The order in which packages are installed in this chapter has
to be strictly followed, to ensure that no program gets a path referring
to /tools hard-wired into it.
For the same reason, do not compile packages
in parallel. Compiling in parallel may save you some time (especially on
dual-CPU machines), but it could result in a program containing a
hard-wired path to /tools,
which will cause the program to stop working when that directory
is removed.
Before the installation instructions each installation page gives some
information about the package: a concise description of what it contains, how
long it will approximately take to build it, how much disk space it needs
during this building process, the official download location of the package
(in case you just want to update a few of them), and which other packages it
needs in order to be built successfully. After the installation instructions
follows a list of programs and libraries that the package installs, together
with a series of short descriptions of these.
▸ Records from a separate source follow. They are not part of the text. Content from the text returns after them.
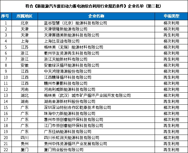 今年初,工信部又发布了符合《新能源汽车废旧动力蓄电池综合利用行业规范条件》的第二批企业名单,多个巨头开始介入,为解决动力电池回收再生利用问题持续扩充专业阵容。
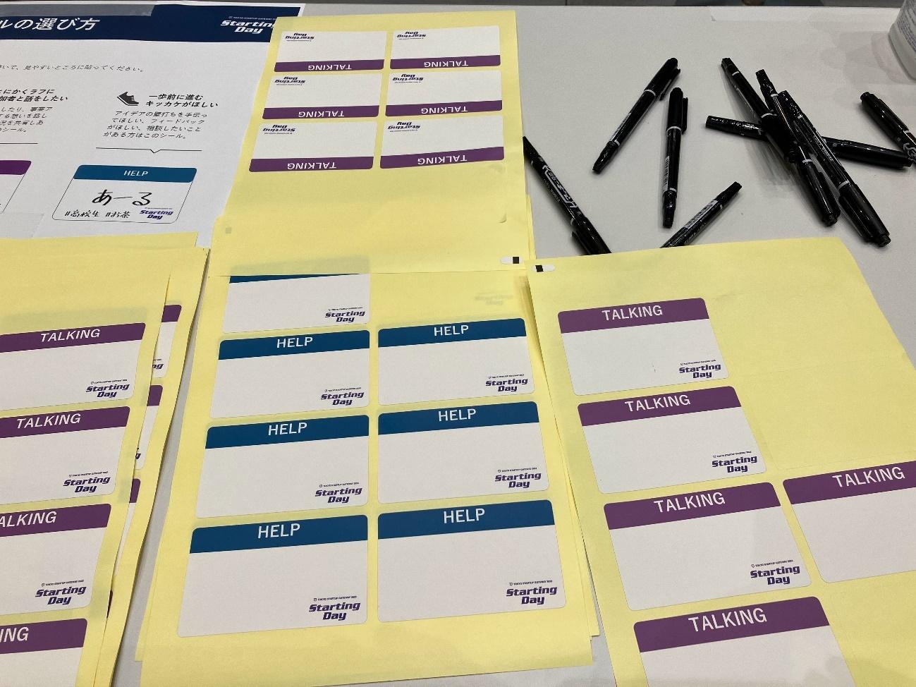 参加者たちはそれぞれ自分の名前などを書き込み、胸に貼り、出会えた人と話をしていた
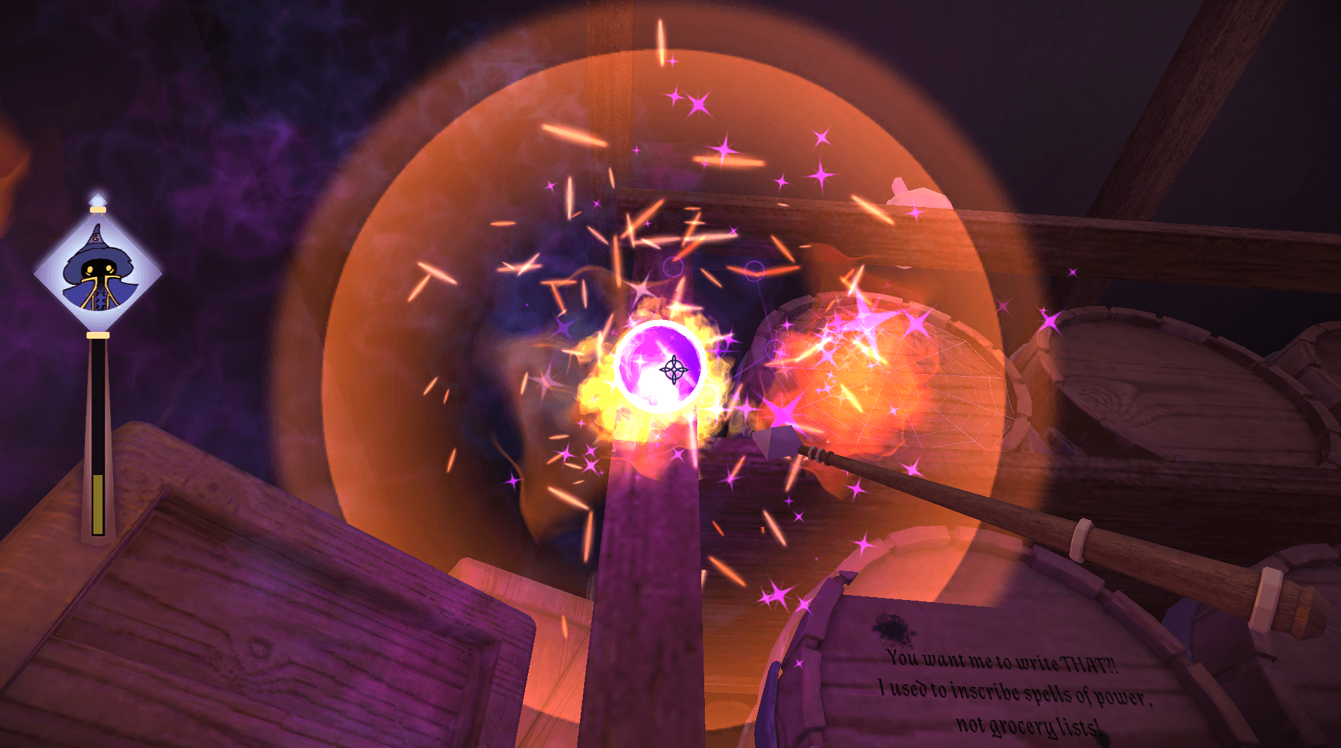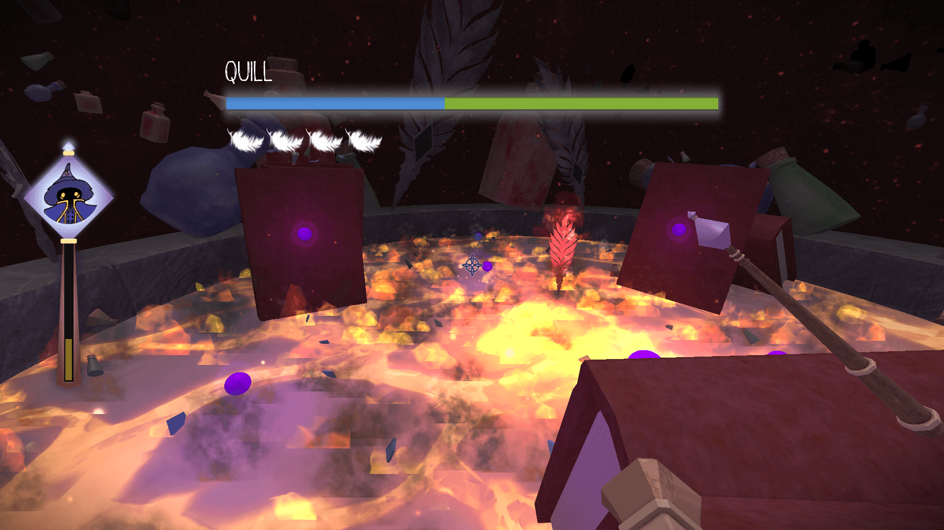 Play as a shrunken apprentice wizard navigating a chaotic world of oversized objects, tricky puzzles, and mischievous creatures. Use telekinesis to solve challenges and survive enchanted encounters, especially against Quill, your once-loyal writing companion turned vengeful boss.
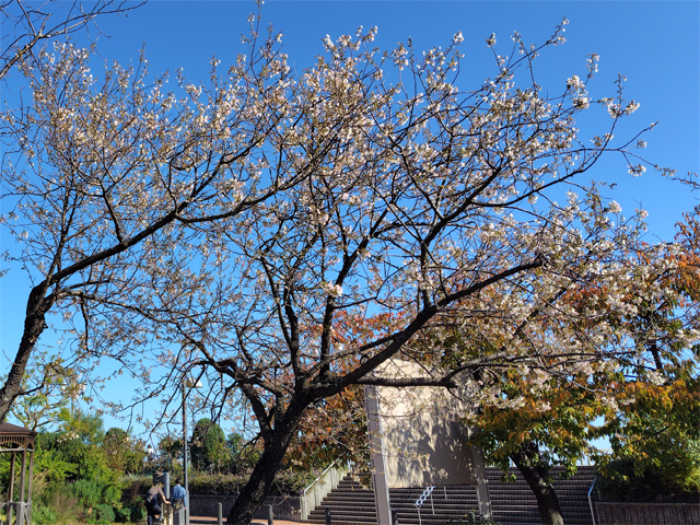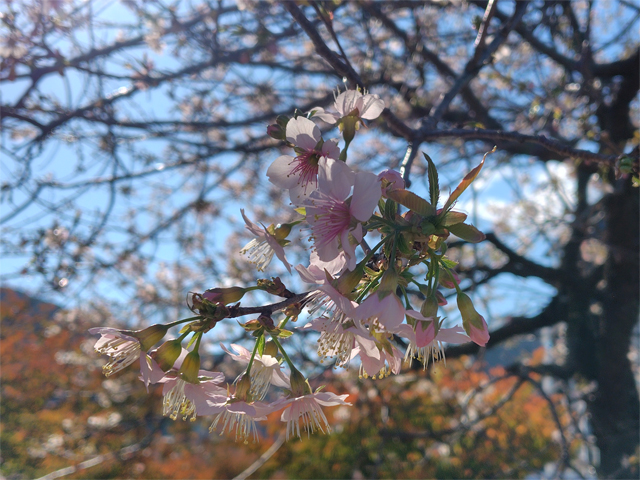 11/26撮影親水公園のヒマラヤ桜(全2本)が見頃になりました!紅葉(大寒桜の葉)をバックに咲く華憐な桜をぜひご覧ください。【親水公園 第一工区】住所/熱海市渚町地先(親水公園第一駐車場付近)
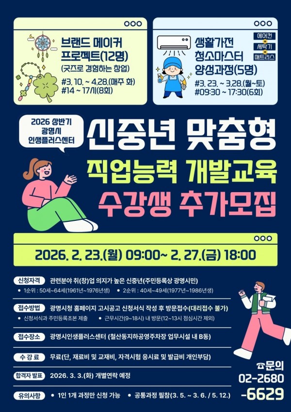[공익소식] 광명시인생플러스센터│2026년 상반기 신중년 맞춤형 직업능력개발교육 수강생 추가모집
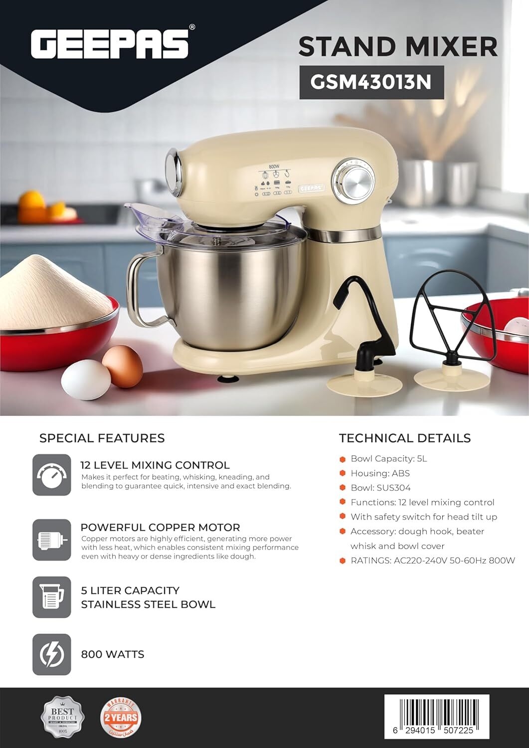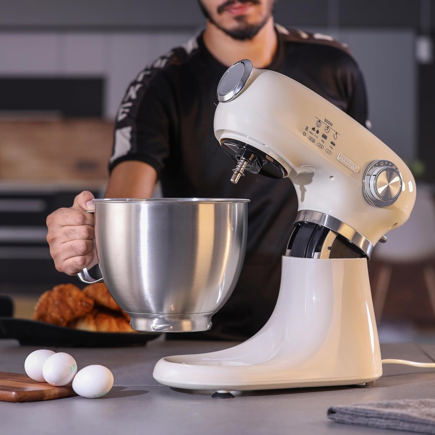 3 In 1 Mixer Cum Blender 600w - 7 Level Speed, 5 Litre Stainless Steel Bowl, Splash Guard Convenient Design with Wisk, Dough Hook & Beater -Multi
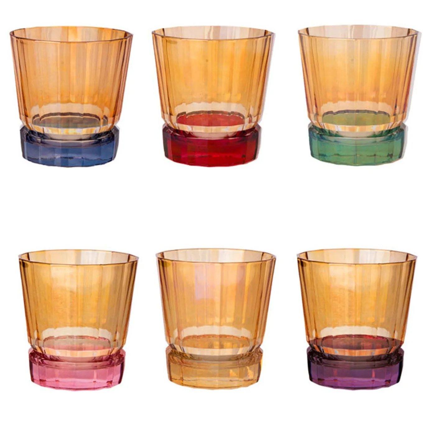 Un arcobaleno di colori che animerà ogni occasione, questo set di sei bicchieri da acqua è elegante ed eclettico. Può essere utilizzato tutti i giorni o, abbinato agli altri set della stessa collezione Madagascar, per creare un effetto suggestivo su una tavola dai toni neutri o monocromatici. I pezzi sono realizzati in cristallo e decorati interamente a mano e vantano una base a zoccolo colorata, che segna con un carattere individuale ogni bicchiere, sostenendo una coppa dorata. Ogni bicchiere misura 10 cm di altezza.
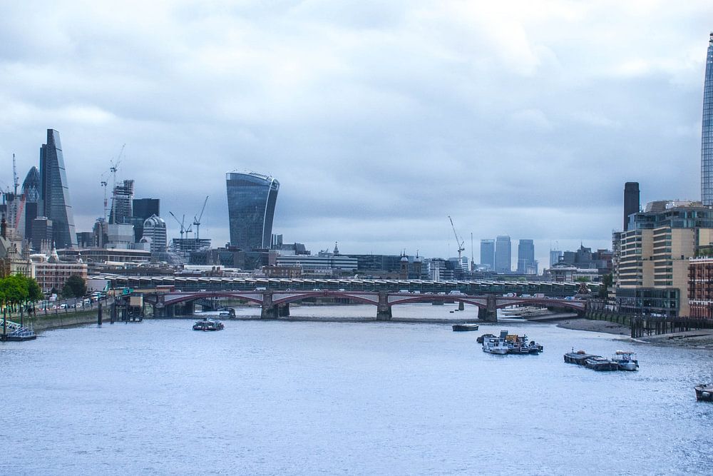 Mooie foto van de rivier Thames vanaf de Westminster Bridge op een bewolkte dag.
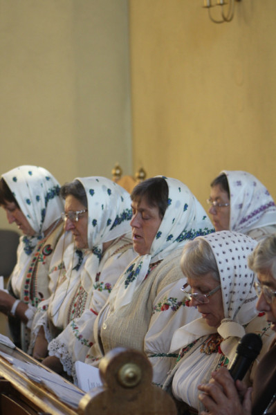 Az októberi Mária-áhítat kezdetén tartott szentségimádáson a Gyimesekből érkezett rózsafüzér-társulatok csoportja vezette az imádságot és az énekeket.
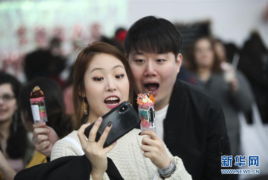 3月18日,在美国纽约,人们在甜品节上手持甜品自拍。一年一度的纽约“甜品目标”甜品节于17日开幕,20多家甜品展商在现场展示造型精美、创意十足的美味甜品,吸引超过5000名甜品爱好者报名参加。甜品节还精心设置了美拍专区,方便人们在享用甜品的同时在社交平台上分享甜蜜时刻。新华社记者王迎摄
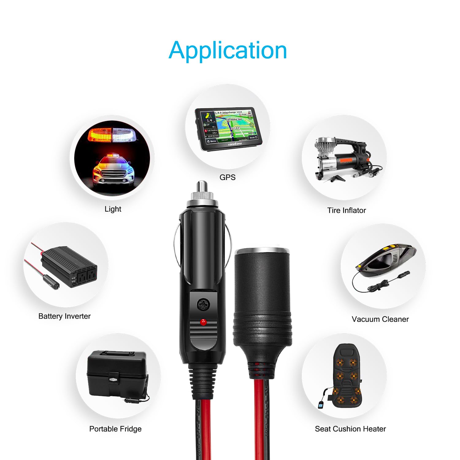 2347 avaliações para Cabo Extensor para Isqueiro de Carro Chanzon 12V/24V – 12Ft UL 16AWG com Fusível de 15A – Conector Pesado para Infladores de Pneus e Aspiradores
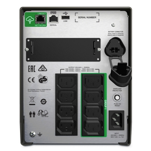 | Kurzbeschreibung | Smart-UPS, Line Interactive, 1500VA, Tower, 230V, 8 IEC C13-Stecker, SmartConnect Port+SmartSlot, AVR, LCD |

If you wish to keep track of which package installs what files, you may
want to use a package manager. For a general overview of package managers have
a look at . And for
a package management method specifically geared towards LFS see
.
Mounting the proc and devpts file systems
In order for certain programs to function properly, the
proc and devpts file systems must be
available within the chroot environment. The proc file system is the process
information pseudo file system through which the kernel provides information
about the status of the system. And the devpts file system is nowadays the most
common way pseudo terminals (PTYs) are implemented. Since kernel version 2.4, a
file system can be mounted as many times and in as many places as you like,
thus it's not a problem that these file systems are already mounted on your
host system, especially so because they are virtual file systems.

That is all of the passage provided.